The Pittsburgh Steelers narrowly won on Thursday Night Football against the Tennessee Titans, 20-16. For the first time this season and for just the second time in Kenny Pickett’s career, the Steelers scored a touchdown on their opening drive. It was a 10-play drive capped by a beautiful 10-yard run into the end zone by RB Najee Harris.

Those 10-play drives have been hard to come by for the Steelers this year with just 12 such drives across eight games. The Steelers won the coin toss, and elected to receive because they wanted to set the tone, and set the tone they did. They went on to have four 10-plus play drives in this game, which is by far their most this season. Because of the Steelers’ issues with starting slow on offense, the margin for error in most games has been extremely thin.
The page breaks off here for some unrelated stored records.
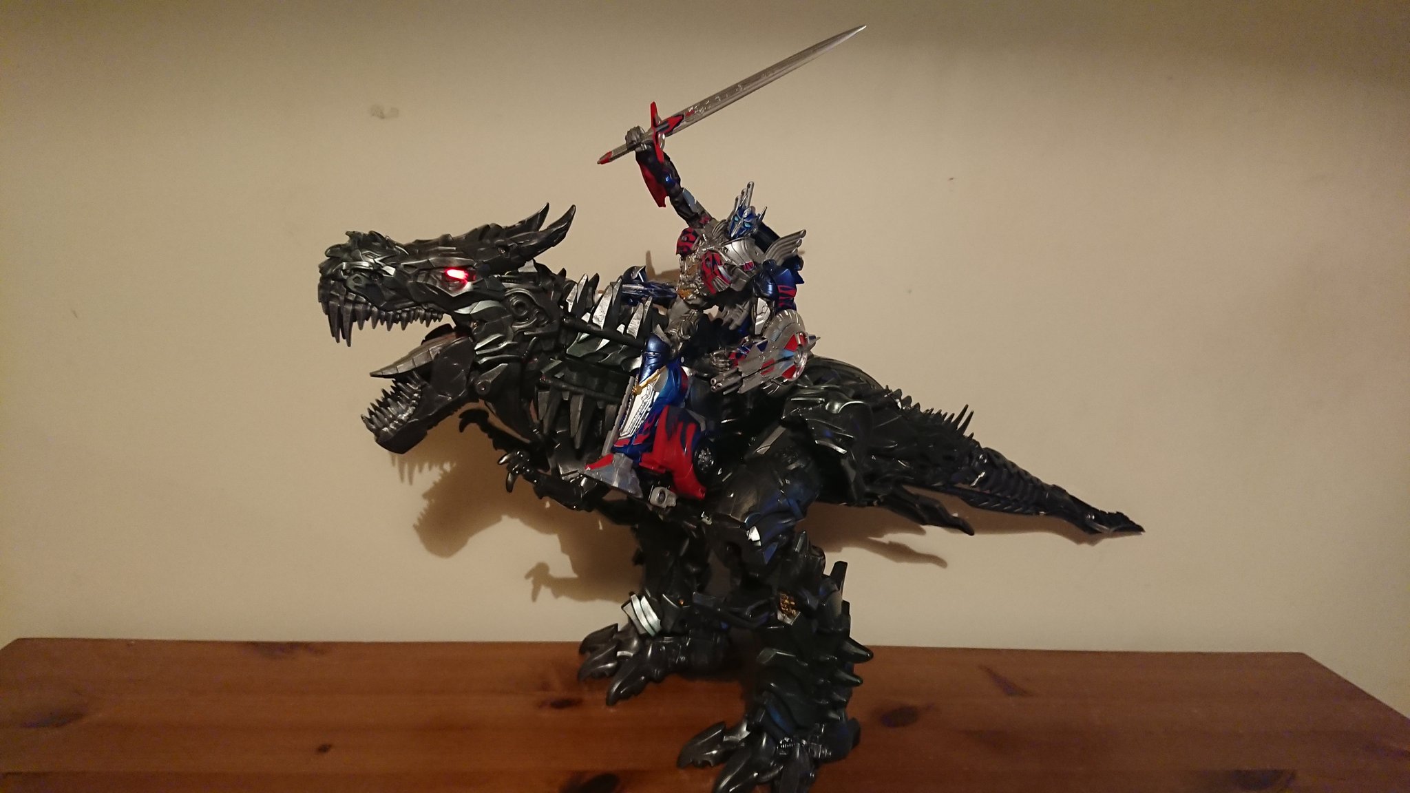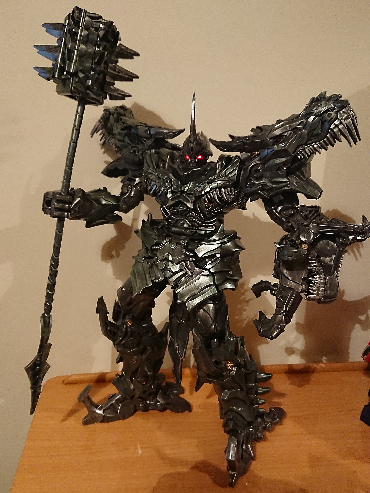 Now this is a big Grimlock. Black Mamba LS05 Ancient Leader. Upsized KO of Studio Series Grimlock. Size alone is impressive but also has upgraded hands with some articulation in them, spiked maul weapon, some die-cast parts and light up eyes in both the robot head and Dino head. Official one was just too small for the scale as it had to fit in Studio Series leader class category. This is much more accurate and The Last Knight Voyager Optimus Prime finally has his steed.
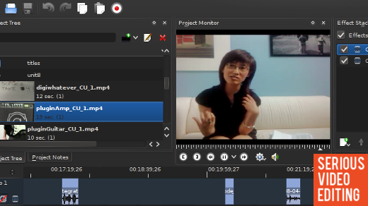 Kdenlive,最初于 2002 年发布,是一款强大的非线性视频编辑器,有 Linux 和 OS X 版本(但是 OS X 版本已经过时了)。Kdenlive 有用户友好的、基于拖拽的用户界面,适合初学者,又有专业人员需要的深层次功能。
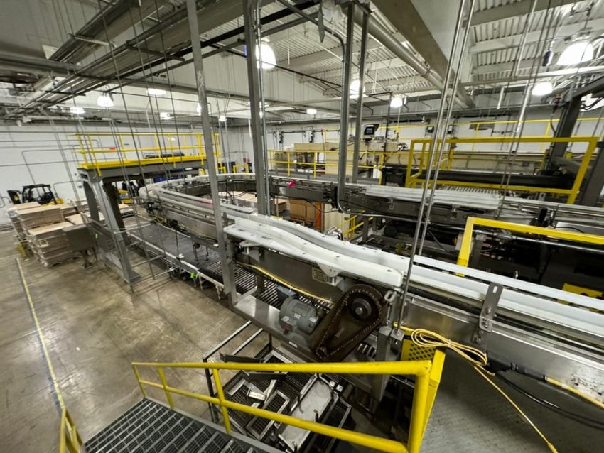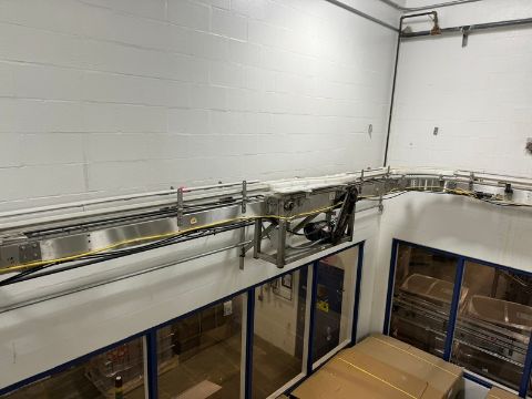 S/S Overhead Product Conveyor, with Guides & Drives, Overall Length: Aprox. 110 ft. (NOTE: From Depalletize Accumulation to Jar De-Elevator) (SOLD SUBJECT TO CONFIRMATION) RIGGING, LOADING, & SITE MANAGEMENT FEE:  $600.00 USD)(LOCATED IN WAVERLY, IA)
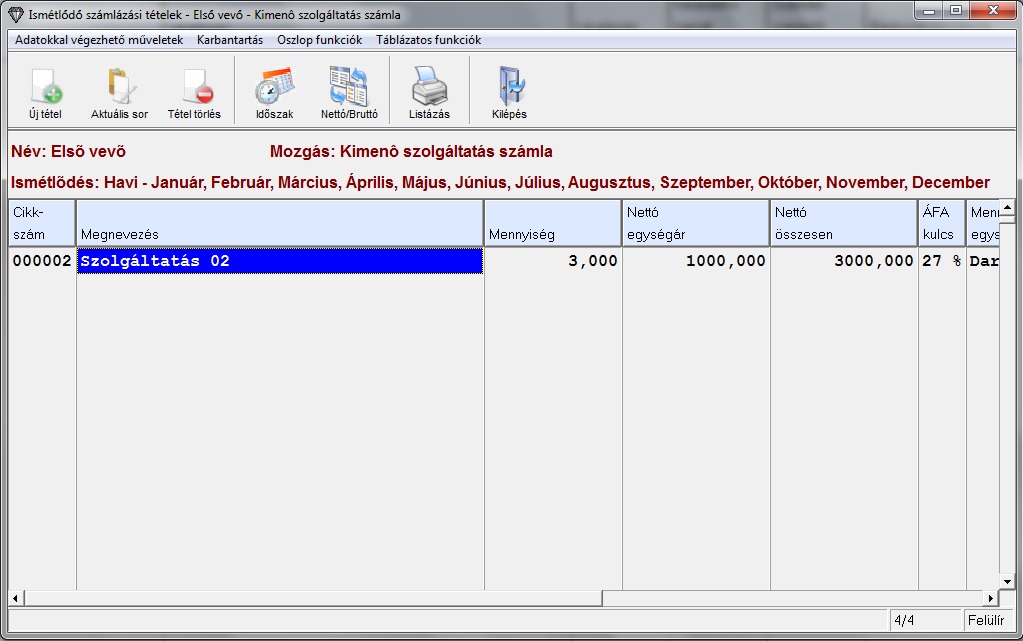 Karbantartás -> Vevők karbantartása -> Ismétlődő számlák felvitele oszlop

The quick start provided a buffer on that margin for error which they ended up needing to help overcome 10 accepted penalties against them, four alone on the opening defensive drive. Usually that type of negativity would be enough to seal the Steelers’ fate in any given game, but seven points early helped mitigate some of it.

That first drive started off in the red with KR Godwin Igwebuike taking the ball out of the end zone to the 22-yard line. There was also a penalty on Broderick Jones for ineligible man downfield, which cost the Steelers five yards later in the drive, but the Steelers overcame adversity and scored. Five different playmakers touched the ball that drive: Diontae Johnson, Connor Heyward, Allen Robinson II, Najee Harris, and Jaylen Warren. That is about as balanced as you can get in just 10 plays. While it feels silly to call the first drive the turning point, it really was a key component of being able to come out on top.

I am not so sure how the game would have played out if the Steelers had failed to score or were forced to settle for a field goal. Pittsburgh came out with points on all four of its red zone opportunities, but two of them stalled and resulted in three points via Chris Boswell. Obviously, the final score was 20-16, so the opening-drive score was critical to the outcome. It set the tone that the Steelers were going to be able to sustain drives, overcome negativity, and establish a balanced offense that benefitted the rushing attack over the course of the game. The Steelers had their highest output on the ground in Week Nine with 166 yards and a touchdown and that all started at the top of the game. Coach Mike Tomlin spoke to the media in his postgame press conference on what made the one-two punch in the backfield between Harris and Warren possible.

“Really, tonight was probably our first time to take a look at it because we had a more fluid start,” Tomlin said. “When you’re converting third downs, you’re getting more snap opportunities, and that usually leads to the attrition component of play, and really that’s kind of representative of the run game.”